David spoel at xray.bmc.uu.se
Wed Aug 3 19:18:51 CEST 2005

On Wed, 2005-08-03 at 13:06 -0400, Kai Zhuang wrote:
> Hi,
> I ran a MD simulation, and i wanted to study the resulting structure's
> electrostatic potential map.  so to do this, parsed out the last frame
> as pdb with trjconv and then used PyMol's APBS plug-in with option to
> let PyMol generate Hydrogen and Terminies.  There's a PQR file
> generated but APBS complained that there's 89 atoms missing charges
> and calculation wasn't able to ran.  I went to PDB2PQR server and
> converted the pdb file to pqr file there.

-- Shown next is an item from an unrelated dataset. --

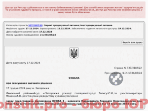 Скасували судовий наказ на 1 500 грн

> When i loaded it in APBS, nothing happened and eventually it told me
> to load another PQR file.
> am i missing something here?  i'm guessing PDB2PQR doesn't generate a
> good pqr file in this case.  Maybe it's because it's designed for
> processing AMBER file not gromacs?

You can try editconf with two options -mead or -grasp (maybe you need
CVS code)
> any ideas?
> thanks in advance
David van der Spoel, PhD, Assoc. Prof., Molecular Biophysics group,
Dept. of Cell and Molecular Biology, Uppsala University.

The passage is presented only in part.